When Conestoga use to be over at Zion Crossroads, there was a tile store basically right on the back of the building. We learned pretty quick that if we had a customer in Charlottesville not to point them to that showroom to save them the trip across the mountain. Occasionally I would get the material list for that customer like Conestoga was suppose to do. But the tile store out back evidently got EVERY material list for every customer that used the showroom. Now that Conestoga moved, that tile store is out of business.


----------



## CookeCarpentry (Feb 26, 2009)

Tech Dawg said:


> :laughing: great idea!!!!!! Seriously, the day will come where I will fly you out here for a tile job... I have not met Tin yet and he lives 5 minutes from me but if you came, he'd be at my house in 2 minutes!!!!!!!!!


I'd be there....drinking all that beer that Angus cooled down....:jester:


----------



## Tech Dawg (Dec 13, 2010)

CookeCarpentry said:


> I'd be there....drinking all that beer that Angus cooled down....:jester:


Wooooah!!! Anybody east of Lancaster has to pay a $65- fee to show up at one of my jobs... :laughing: (including Josh)


----------



## angus242 (Oct 20, 2007)

CookeCarpentry said:


> I'd be there....drinking all that beer that Angus cooled down....:jester:



Sharing......:drink:


----------



## Tech Dawg (Dec 13, 2010)

One thing that I reacted quickly to was a post by Angus about DalTile's Centennial Slate line. I grabbed a few sample boards of it to take on appointments... its a good color selection and I'm definately taking his word that its a great quality (nice and square). Off the bat, it seems to be a "no-brainer" to promote as a quality option for my customers...


----------



## angus242 (Oct 20, 2007)

It's Continental Slate. Did you get your mits on some?


----------



## Tech Dawg (Dec 13, 2010)

Oops, typo... I got the board and that's it for now... I will get my hands on it sooner than later (I still gotta check price to...I'm anticipating that I'll get better that you) :laughing:


----------



## JohnFRWhipple (Oct 20, 2009)

*Dream Job*



Tech Dawg said:


> ...Angus, your job will be to read off the TCNA guidelines while we're working...

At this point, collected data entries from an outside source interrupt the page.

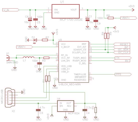 The study of navigation receiver performance was accomplished by preparing a PCB board using the widely used GNSS receivers, such as the NEO or MAX receiver series from U-blox AG company. Pin-compatible receivers have also been introduced by other companies, such as MinewSemi Co., Ltd. (Shenzhen, China). The main positioning task was solved by the GNSS receiver (Figure 3). It is based on different GNSS modules depending on the required accuracy. If standard accuracy is required (σ ≤ 2.5 m), then modules like U-blox NEO-M9N or GP-01 GPS + BDS Compass ATGM332D may be used. If high-precision accuracy is required (sub-meter level), then a MinewSemi ME32GR01 module may be used, which is a multi-constellation (GPS, Beidou, GLONASS and Galileo), concurrent, simultaneous multi-constellation L1 + L5 positioning GNSS module. All the GNSS receivers mentioned are pin-compatible and support UART and I2C protocols, while U-blox modules additionally provide a USB connection, which allows high-speed data transmission or direct connection to a PC. As the board is powered by providing 5 V at Vin pin, a CMOS low-dropout (LDO) voltage regulator should be used, such as MCP1700T-3302, to convert the input voltage to 3.3 V as a GNSS-receiver power supply. The selection of this LDO regulator is set due to the very low drop-out voltage of only 178 mV@250 mA load; the LDO output is stable only when using 1 μF output capacitance. Simultaneously, the VDD_USB input at U-blox receivers is powered using another CMOS LDO, such as MCP1824, which is distinguished by enabling (EN) input.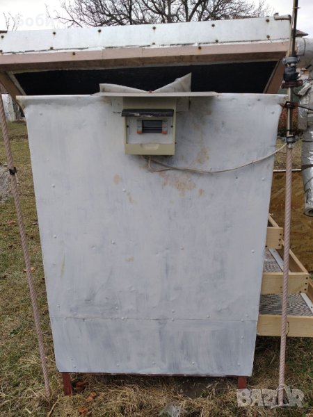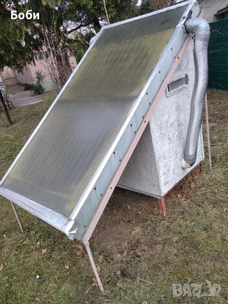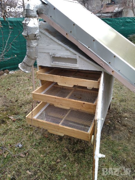 Сушилнята е ръчна изработка. Работи с вентилатор, който завихря топлия въздух през сух панел.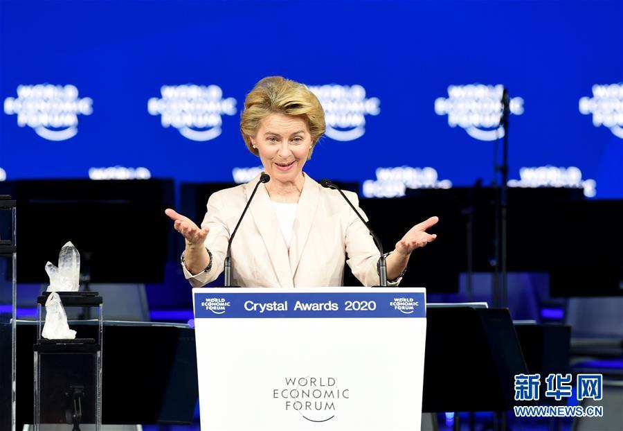 1月20日,在瑞士小镇达沃斯,欧盟委员会主席冯德莱恩致辞祝贺世界经济论坛50周年。 当日,世界经济论坛在瑞士小镇达沃斯举行50周年庆祝活动。 新华社记者 郭晨 摄

I'm out. Some of my best work is cutting edge. :whistling

Kidding. I'll work anywhere at anytime. Just name the place and tell me what drain to bring.

Tell Dan to bring me some Cuban Monte Cristo's #4's and Angus to bring the grout. We can just cut Dan for the Hydro Ban and bleed him out a gallon or two.


JW


----------



## Floormasta78 (Apr 6, 2011)

Dan should be fying you guys out right now, with that big dealer he has going..


----------



## Matt K (Jul 9, 2010)

I don't shop the boxes unless I have to. I have a hard time buying from my competitor offering the same services. I usually pass part of my discount on so the customer feels like they are getting a good deal. If I have to pick it up, I add a delivery charge. Most people are pretty reasonable with that.


----------



## Tech Dawg (Dec 13, 2010)

Matt K said:


> I don't shop the boxes unless I have to. I have a hard time buying from my competitor offering the same services. I usually pass part of my discount on so the customer feels like they are getting a good deal. If I have to pick it up, I add a delivery charge. Most people are pretty reasonable with that.

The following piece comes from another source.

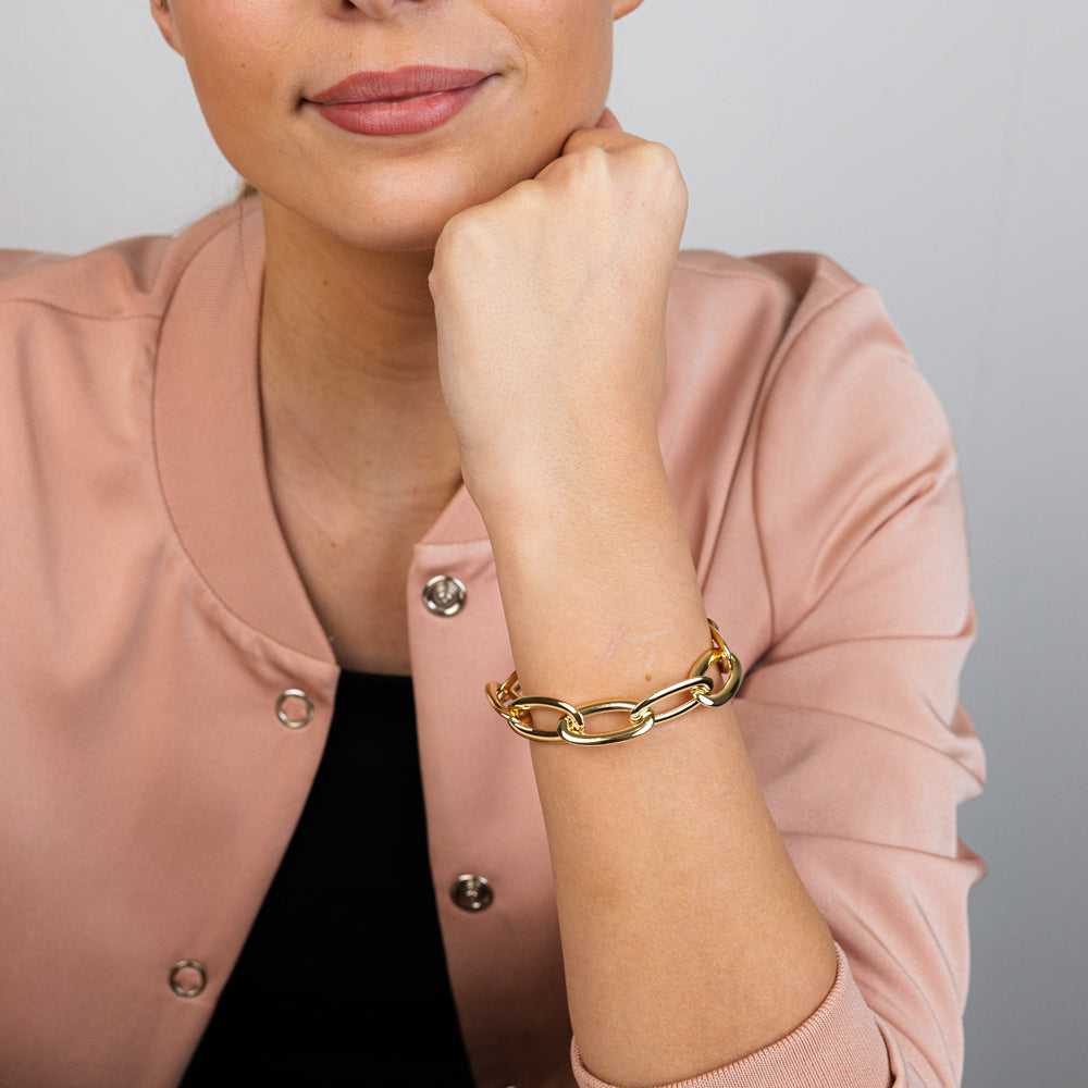 Sterling Silver Gold Plated Chunky 18+1.5cm Bracelet

Definately, there's not too much of a problem but when there is, it always escalates... I only purchase certain things at box stores and definately try to stay away from Depot's APPT setters...
I'm getting ready for work and gotta soak my TLS straps but I think ill have another good thread today... ill find out for sure once I tear out


----------



## gideond (May 17, 2007)

Tech Dawg said:


> One thing that I reacted quickly to was a post by Angus about DalTile's Centennial Slate line. I grabbed a few sample boards of it to take on appointments... its a good color selection and I'm definately taking his word that its a great quality (nice and square). Off the bat, it seems to be a "no-brainer" to promote as a quality option for my customers...


Continental Slate isn't cheap. It's a colorbody porcelain. You can also look at American Olean Highland Ridge, which is identical to Continental Slate, but has a different color selection. It's cheaper too most of the time.


----------



## CO762 (Feb 22, 2010)

angus242 said:


> I don't trust the stock at box stores. I have no idea how long their thinset or grout has been sitting in a warehouse _before _sitting on the shelf (for how long).


Don't forget their "if you're breathing it's OK" return policy.
The clerks don't know if their returns for restock has been frozen, this year or the year before...


----------